Stored data:
________________
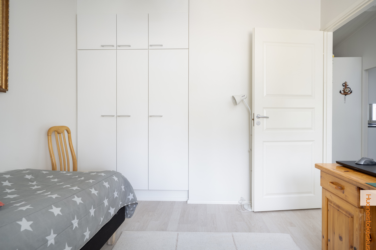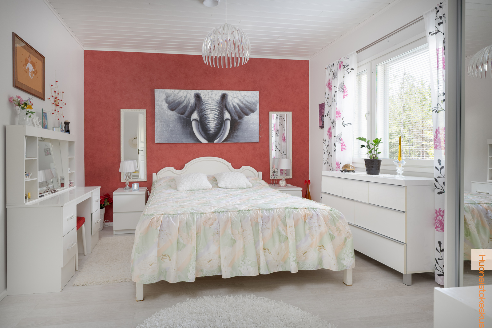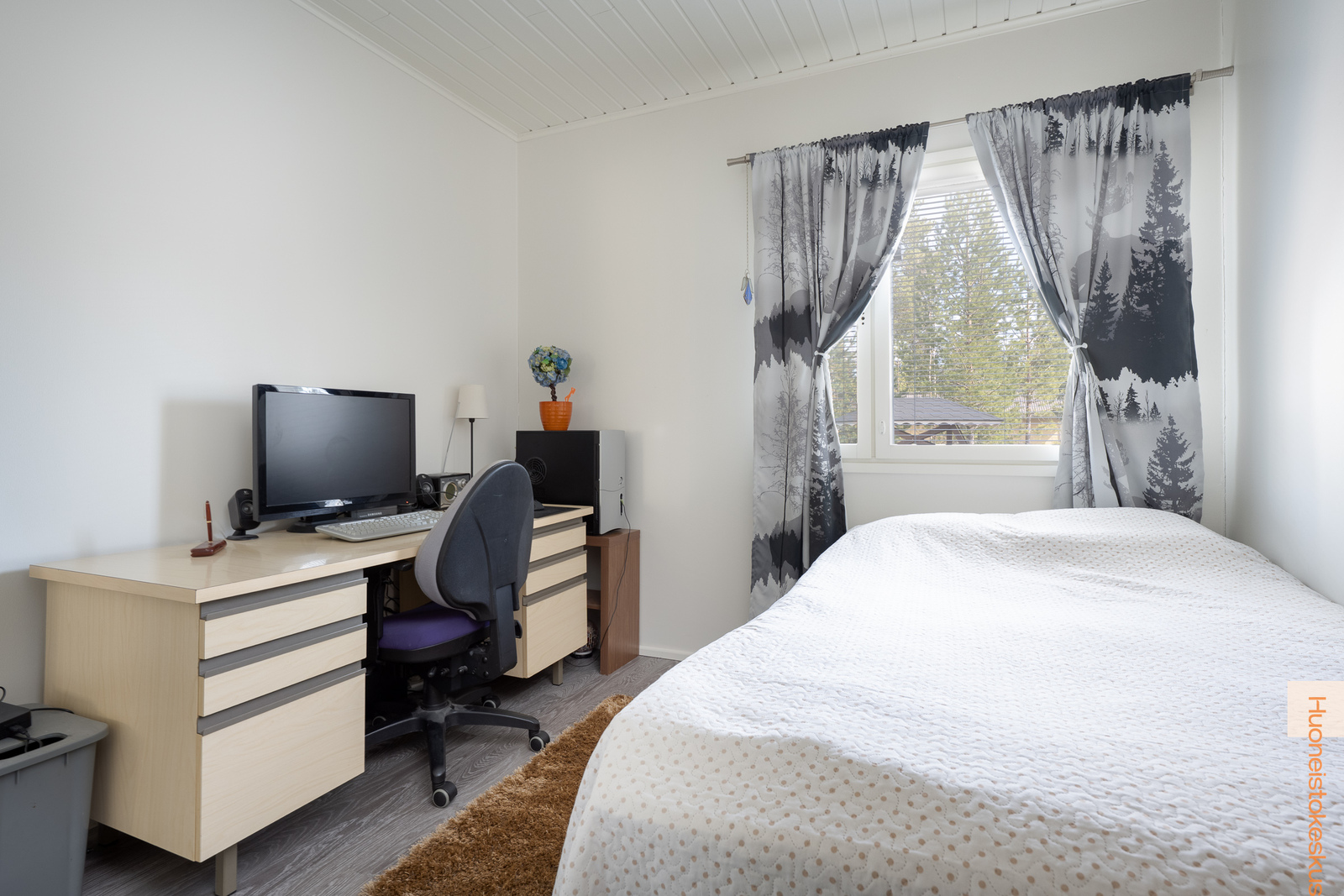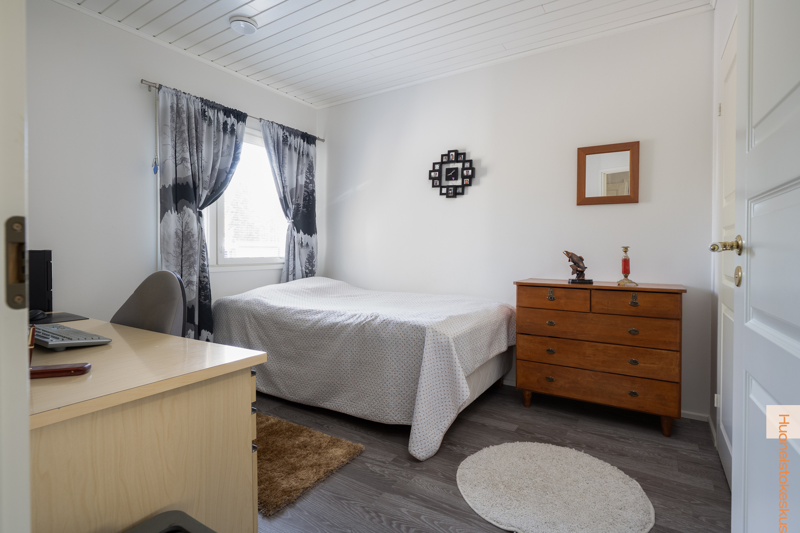 | Makuuhuoneen kuvaus | Lukumäärä: 4, seinät (maali ja tapetti), lattiat (laminaatti) |
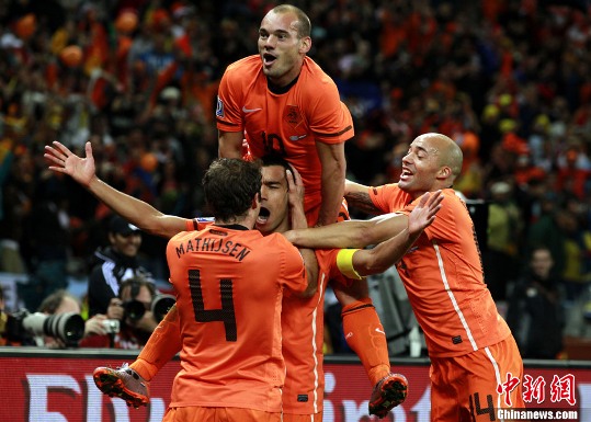 中新社北京7月7日電 在今天凌晨進(jìn)行的一場南非世界杯半決賽中,荷蘭隊3比2險勝烏拉圭,率先晉級決賽。荷蘭球員斯內(nèi)德攻入一球,幫助自己的球隊再度領(lǐng)先,他被評為本屆比賽的最佳球員。其在本屆世界杯上的進(jìn)球數(shù)已增至5個,與西班牙球員比利亞并列領(lǐng)先射手榜。
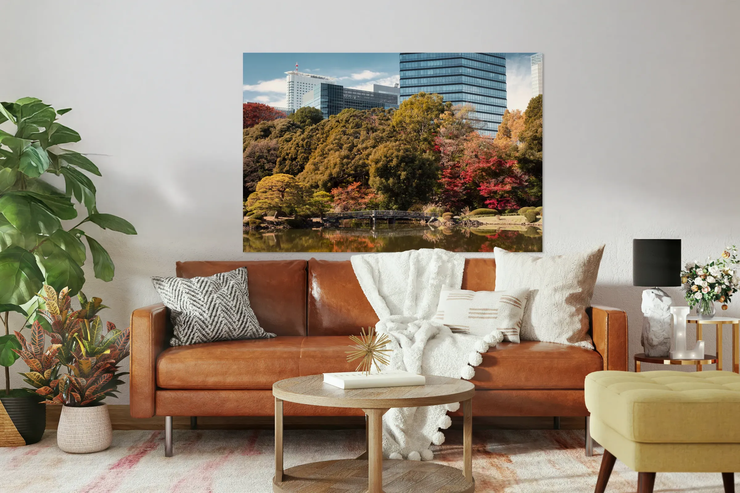 Autumn colour gathers quietly around the pond at Shinjuku Gyoen where layered trees shift from green to gold and deep red. Reflections settle on the water’s surface softening the scene and allowing the garden to breathe even as the city rises just beyond the frame. There is a sense of pause here a moment where nature holds its ground amid the surrounding geometry of Tokyo. Shinjuku Gyoen National Garden is one of Tokyo’s most celebrated green spaces blending traditional Japanese landscaping with open lawns and carefully designed vistas. Once part of an imperial estate the garden now offers a rare sense of openness in the heart of the city. In autumn its varied tree species bring a richness of colour that contrasts naturally with the modern skyline behind. A perfect photograph for spaces that suit calm reflective imagery with a subtle urban edge. This image is available as wall art and across a wide range of formats to suit your space or style.
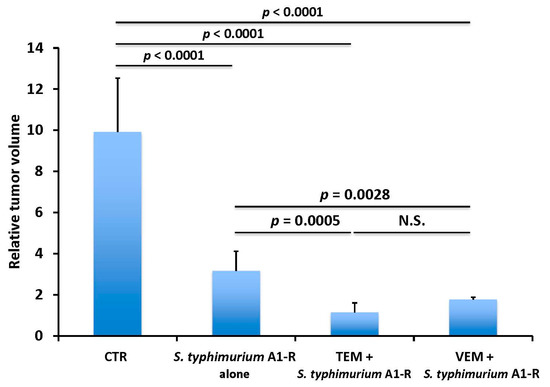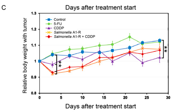 S. typhimurium A1-R (AntiCancer Inc.), expressing GFP, was cultured in LB medium (Fisher Sci., Hanover Park, IL, USA) and harvested at the late-log phase. The bacteria were washed and diluted with PBS. S. typhimurium A1-R was injected intravenously. A total of 5 × 107 colony-forming units (CFU) of S. typhimurium A1-R in 100 μL phosphate-buffered saline (PBS) was administered to each mouse [36,37,38,56].
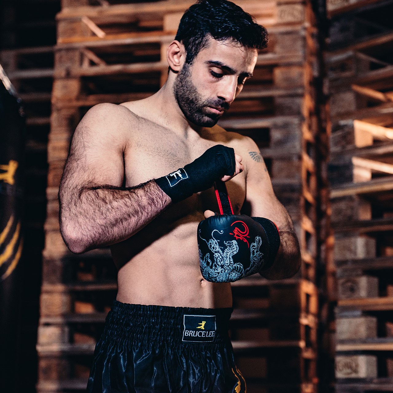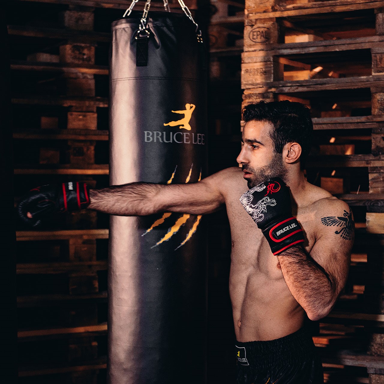 Die Bruce Lee Boxhandschuhe sind speziell für ein Boxsacktraining entwickelt worden und bieten hohen Tragekomfort und Schutz. Die aus echtem Leder gefertigten Boxhandschuhe sind mit einem breiten Klettverschluss versehen, welcher schnelles An- und Abziehen der Handschuhe ermöglicht und zudem Schutz und Stabilisation für das Handgelenk bietet. Zudem wurde auch ein Daumen angenäht. Die Polsterung im Handschuh dämpft Schläge ab und schützt so Finger, Hände und Handgelenk. Die Schutzhandschuhe sind paarweise in den Grössen S - XL erhältlich. Den dazu passenden Boxsack kann man ebenfalls im Onlineshop kaufen.
________________
Make an exact copy of the records shown above, without the pictures.

Solution to this task
 | Makuuhuoneen kuvaus | Lukumäärä: 4, seinät (maali ja tapetti), lattiat (laminaatti) |
 中新社北京7月7日電 在今天凌晨進(jìn)行的一場南非世界杯半決賽中,荷蘭隊3比2險勝烏拉圭,率先晉級決賽。荷蘭球員斯內(nèi)德攻入一球,幫助自己的球隊再度領(lǐng)先,他被評為本屆比賽的最佳球員。其在本屆世界杯上的進(jìn)球數(shù)已增至5個,與西班牙球員比利亞并列領(lǐng)先射手榜。
 Autumn colour gathers quietly around the pond at Shinjuku Gyoen where layered trees shift from green to gold and deep red. Reflections settle on the water’s surface softening the scene and allowing the garden to breathe even as the city rises just beyond the frame. There is a sense of pause here a moment where nature holds its ground amid the surrounding geometry of Tokyo. Shinjuku Gyoen National Garden is one of Tokyo’s most celebrated green spaces blending traditional Japanese landscaping with open lawns and carefully designed vistas. Once part of an imperial estate the garden now offers a rare sense of openness in the heart of the city. In autumn its varied tree species bring a richness of colour that contrasts naturally with the modern skyline behind. A perfect photograph for spaces that suit calm reflective imagery with a subtle urban edge. This image is available as wall art and across a wide range of formats to suit your space or style.
 S. typhimurium A1-R (AntiCancer Inc.), expressing GFP, was cultured in LB medium (Fisher Sci., Hanover Park, IL, USA) and harvested at the late-log phase. The bacteria were washed and diluted with PBS. S. typhimurium A1-R was injected intravenously. A total of 5 × 107 colony-forming units (CFU) of S. typhimurium A1-R in 100 μL phosphate-buffered saline (PBS) was administered to each mouse [36,37,38,56].
 Die Bruce Lee Boxhandschuhe sind speziell für ein Boxsacktraining entwickelt worden und bieten hohen Tragekomfort und Schutz. Die aus echtem Leder gefertigten Boxhandschuhe sind mit einem breiten Klettverschluss versehen, welcher schnelles An- und Abziehen der Handschuhe ermöglicht und zudem Schutz und Stabilisation für das Handgelenk bietet. Zudem wurde auch ein Daumen angenäht. Die Polsterung im Handschuh dämpft Schläge ab und schützt so Finger, Hände und Handgelenk. Die Schutzhandschuhe sind paarweise in den Grössen S - XL erhältlich. Den dazu passenden Boxsack kann man ebenfalls im Onlineshop kaufen.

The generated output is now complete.